Recently, I bought a new Core 2 Duo to replace my Pentium D Extreme Edition. I installed my new CPU and my system wouldn't boot in other words the fans were spinning but my display was blank, so I tried reinstalling my old CPU to see if it would work again and it still wouldn't boot. Anyways, I fixed it by removing a stick of ram out of the 3 sticks and it worked which is weird because before I tried upgrading it worked fine with 3 sticks. All 3 sticks of RAM are working. If I put it in different orders such as 1 stick on the first slot and the 2nd stick on the 3rd slot it wouldn't work, it would only work if the the 1st stick was in the 1st slot and the 2nd stick was in the second slot. Now, why doesn't it work with 3 sticks of RAM anymore? Motherboard: ASUS P5B-E
It expects matched pairings in the memory channels... If I recall, C2D can only handle Dual Channel memory...
Well, it doesn't work with either my old Pentium D Extreme Edition or my Core 2 Duo so that can't be it since it worked before. Actually, both sticks are in the same channel meaning its single channel if I put 1 stick in the first channel and 1 stick in the other channel meaning dual channel my computer won't boot. Core 2 Duo supports single channel and dual channel. In other words, when I put them on dual channel it doesn't work but when I put them on single channel they work. The RAM is identical. Edit: I got it to boot into Windows on dual channel but it is very unstable and BSODs.
First thing is to run Memtest86+ to check the memory is OK. When you changed processors, did you first set the BIOS to auto-recognise everything?
Well.. I'm pretty sure the RAM is okay since it works perfectly fine in single channel mode but the second I put it on dual channel mode it Windows BSOD right after it boots.
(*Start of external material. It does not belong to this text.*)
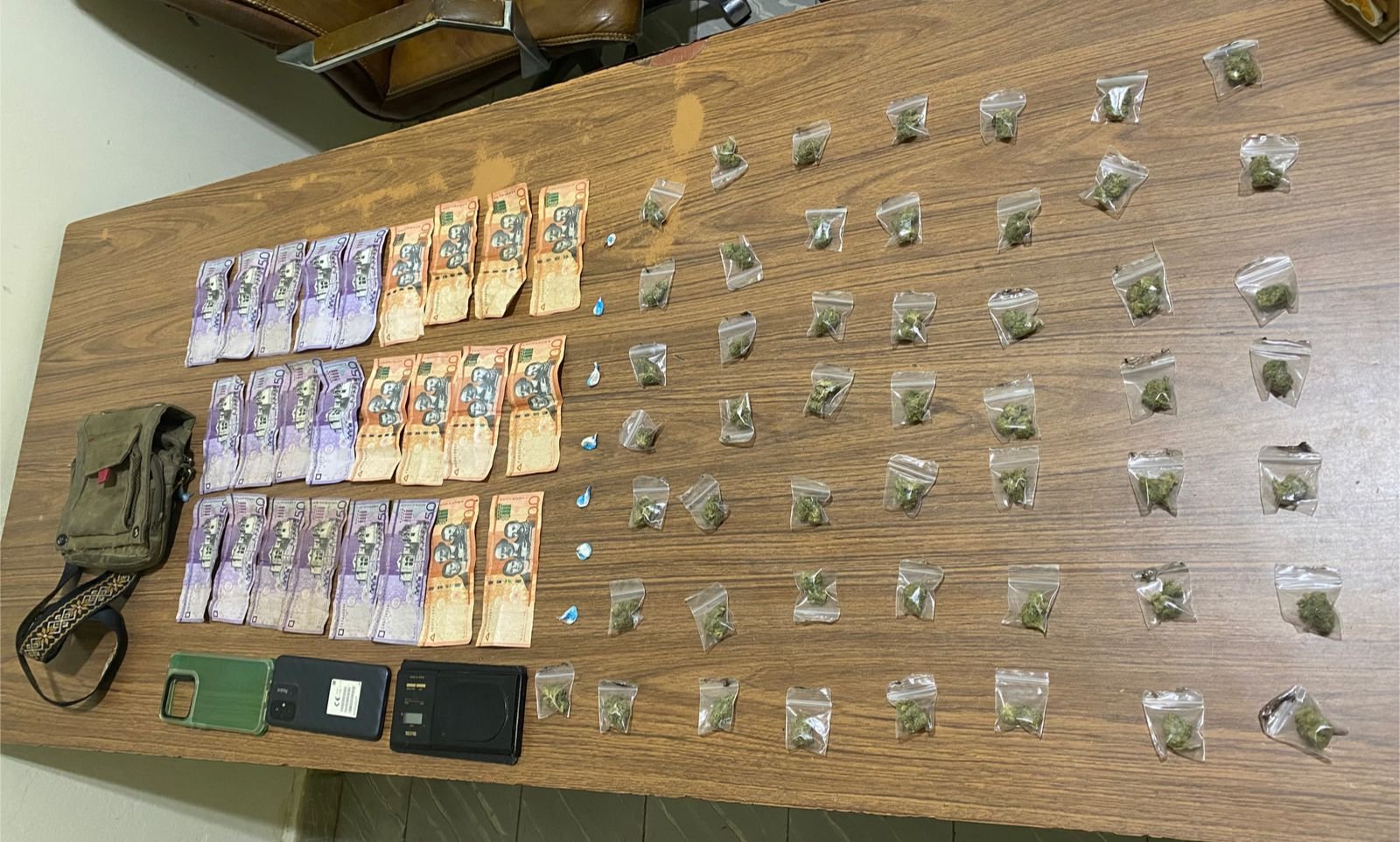 Al detenido se le ocupó un bulto que contenía 50 porciones de un vegetal, presumiblemente marihuana, con un peso aproximado de 54.89 gramos, así como siete porciones de un polvo blanco, presumiblemente cocaína, con un peso de 1.92 gramos. Además, se le incautaron RD$1,750.00 en efectivo, una balanza y un teléfono celular, evidencias asociadas a la presunta actividad ilícita.

The BIOS settings are set to the defaults.
I would agree with the above tbh - although it is a little tricky. Is the C2D compatible with the mobo in the first place?
good question krittit http://support.asus.com/cpusupport/cpusupport.aspx?SLanguage=en-us&model=P5B-E that should answer it. His sig says the E8400 (if you go by clock speed(and i dont know if its overclocked)) which is supported. but the bios number looks pretty high.
I bought a new motherboard (ASUS P5Q Pro), graphics card (GeForce GX2), and RAM. When I boot my PC, right when it hits the Windows loading screen it BSODs even in safe-mode.